DAVIDSON, District Judge.

The complaint in this case involves the construction of a casinghead gas contract and seeks an accounting between the parties.

Complainants, J. R. Barnhill and wife, Cathryn A. Barnhill, of Potter County, executed an oil and gas lease covering certain land in Hutchinson County, Texas, the grantee in such lease, Dave Rubin, also of Potter County, Texas, and who is now a party to this proceeding, entered into a casinghead gas contract with the defendant, Phillips Petroleum Company, the construction of the provisions of this contract must be had to determine that there exists any necessity for ordering an accounting.

The pertinent portions of such contract reading as follows:

“Casinghead Gas Contract

“This agreement, Made and entered into this 9th day of December, 1936 by and be[964]*964tween Dave Rubin hereinafter referred to as the ‘Seller’ and Phillips Petroleum Company hereinafter referred to as the ‘Buyer’.

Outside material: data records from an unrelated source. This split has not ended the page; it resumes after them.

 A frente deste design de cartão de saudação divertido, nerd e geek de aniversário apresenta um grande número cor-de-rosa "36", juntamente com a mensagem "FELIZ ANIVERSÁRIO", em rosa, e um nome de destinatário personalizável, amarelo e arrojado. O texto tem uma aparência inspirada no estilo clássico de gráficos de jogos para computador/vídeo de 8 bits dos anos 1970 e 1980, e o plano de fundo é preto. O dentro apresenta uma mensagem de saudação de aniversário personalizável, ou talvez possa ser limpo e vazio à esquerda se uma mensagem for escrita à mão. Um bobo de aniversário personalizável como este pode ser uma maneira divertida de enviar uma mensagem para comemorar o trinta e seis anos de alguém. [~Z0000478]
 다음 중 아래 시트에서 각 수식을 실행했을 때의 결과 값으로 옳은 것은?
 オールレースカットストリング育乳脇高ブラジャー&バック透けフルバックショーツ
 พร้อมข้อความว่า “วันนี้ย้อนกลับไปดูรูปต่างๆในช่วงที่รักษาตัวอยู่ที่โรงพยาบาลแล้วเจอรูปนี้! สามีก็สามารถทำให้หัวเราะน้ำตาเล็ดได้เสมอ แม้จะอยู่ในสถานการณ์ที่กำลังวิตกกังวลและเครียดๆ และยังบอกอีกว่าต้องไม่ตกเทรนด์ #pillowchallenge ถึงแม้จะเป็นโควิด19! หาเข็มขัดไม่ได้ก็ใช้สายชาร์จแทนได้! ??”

“Witnesseth: Whereas, Seller owns and holds a certain valid and subsisting oil and gas mining lease covering the following described lands situate and being within the County of Hutchinson, State of Texas to-wit: * * *

“Whereas, Seller is operating the above described properties and certain wells on said lands are productive or may be productive of casinghead gas, and the Seller desires to sell the casinghead gas which may hereafter be produced from wells located on said premises. The term ‘casinghead gas’ means all natural gas from which gasoline can be extracted or manufactured and whose residue remaining after gasoline extraction or manufacture is lawfully disposed of.

“Now, therefore, in consideration of the sum of One ($1.00) Dollar paid by the Buyer to the Seller, receipt of which is hereby acknowledged, and other payments and covenants hereinafter specified, the Seller hereby grants, bargains, sells and agrees to deliver to the Buyer and the Buyer agrees to purchase and take from the Seller, subject to the stipulations and conditions hereinafter specified, all the casing-head gas now or hereafter produced from the wells on the lands hereinabove described.

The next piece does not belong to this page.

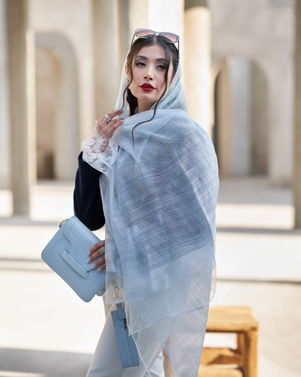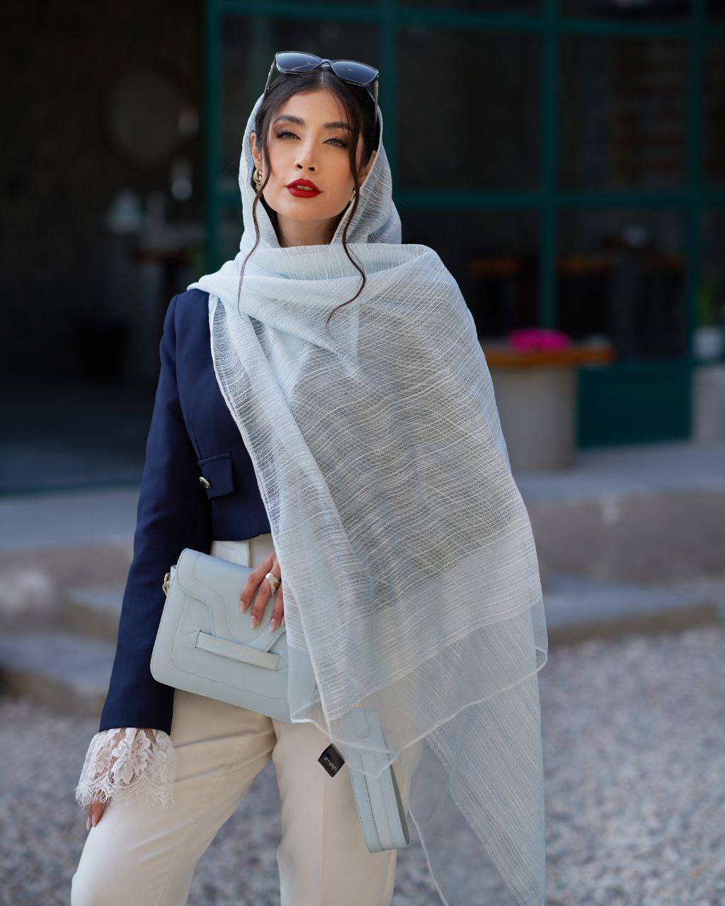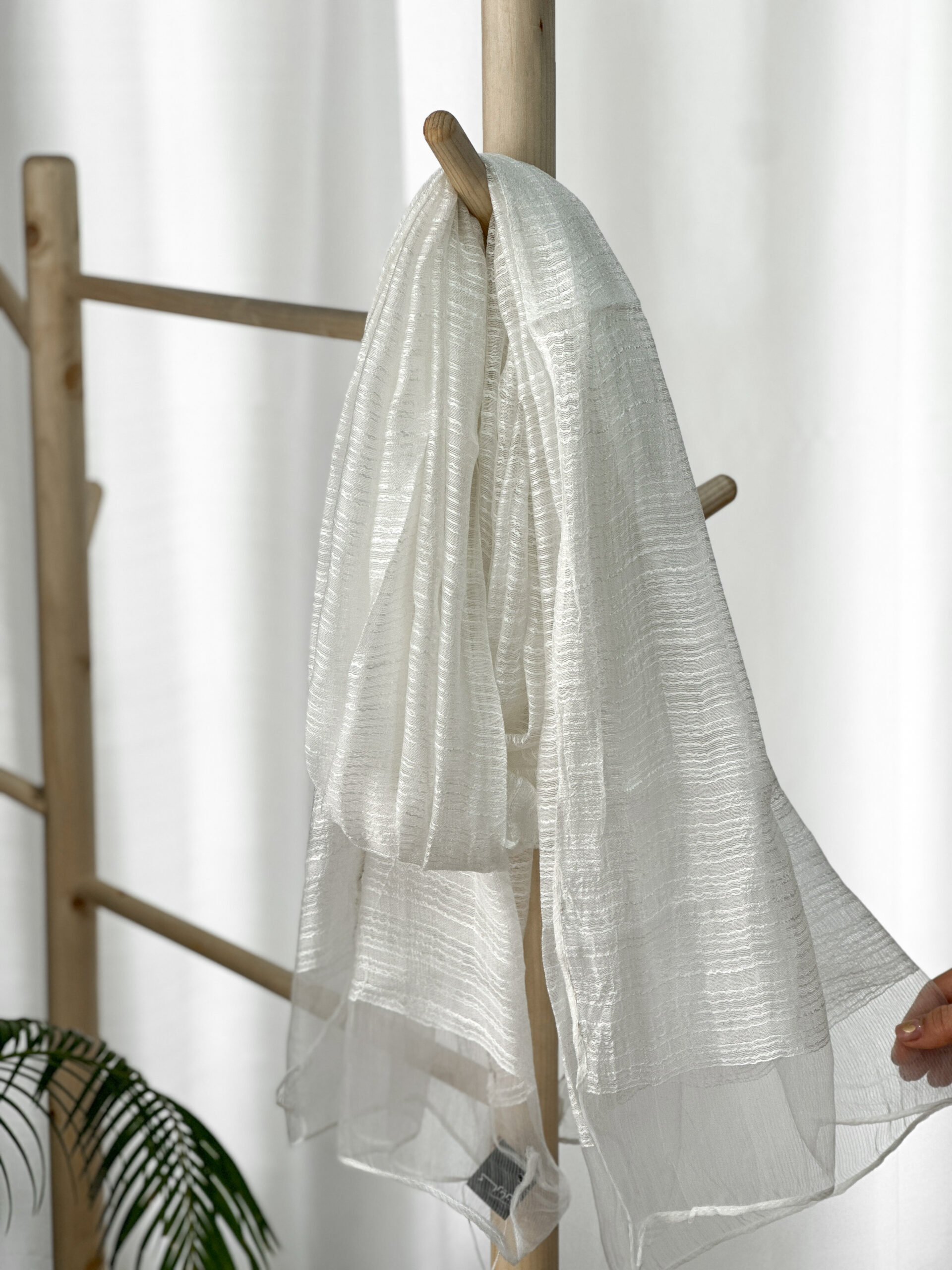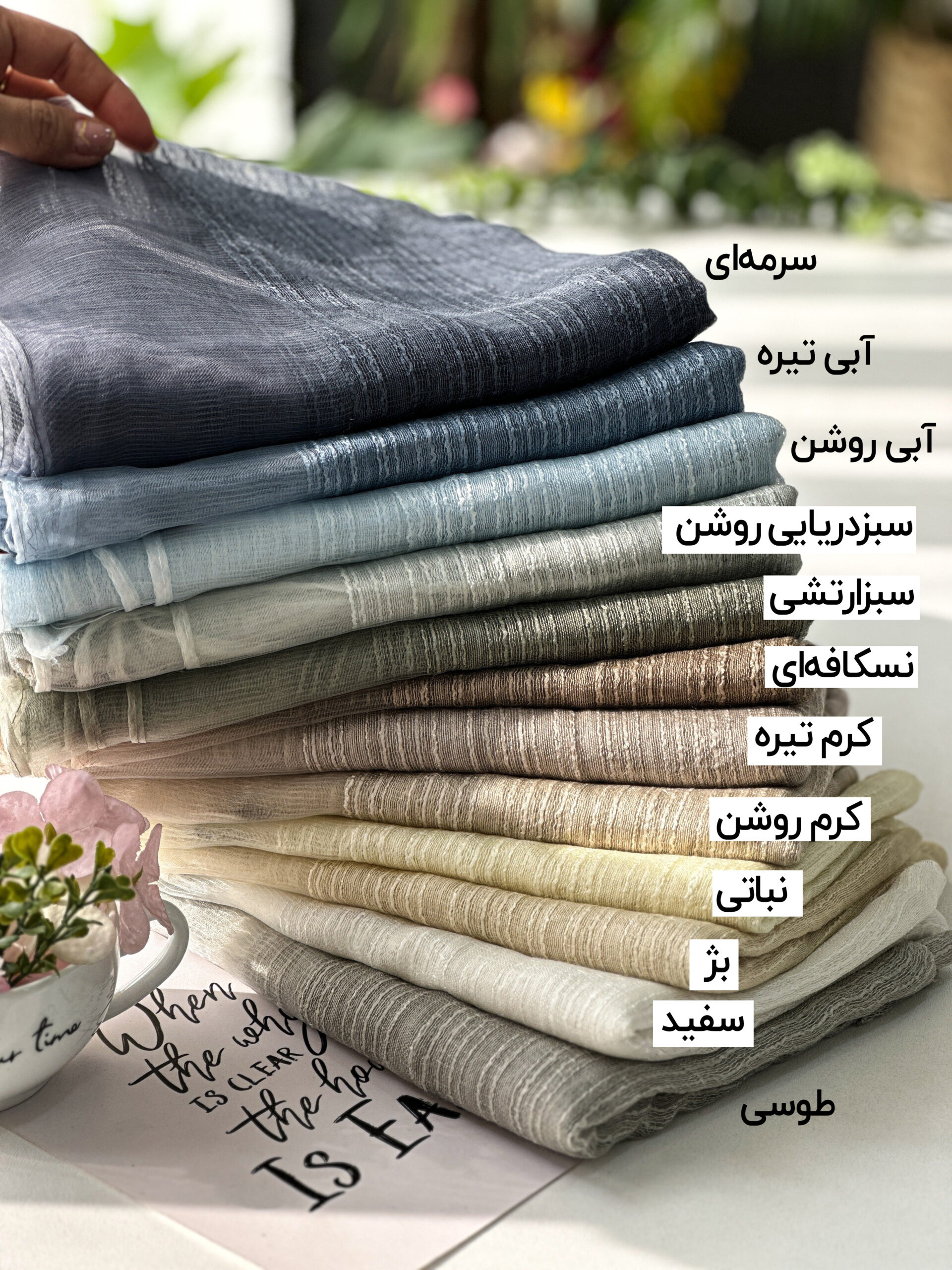 این شال دارای خط‌هایی در عرض شال است و حالت حریر دارد

“1. Purpose — The gas hereby sold is conveyed to the Buyer for the purpose of manufacturing therefrom gasoline or such other product or products as may be manufactured at Buyer’s plant.

“2. Delivery Place — At the casingheads of the wells. Buyer may, with Seller’s consent, install equipment acceptable to Seller on Seller’s storage tanks for the purpose of saving and utilizing vapors therefrom, which for the purpose of this contract shall be considered casinghead gas.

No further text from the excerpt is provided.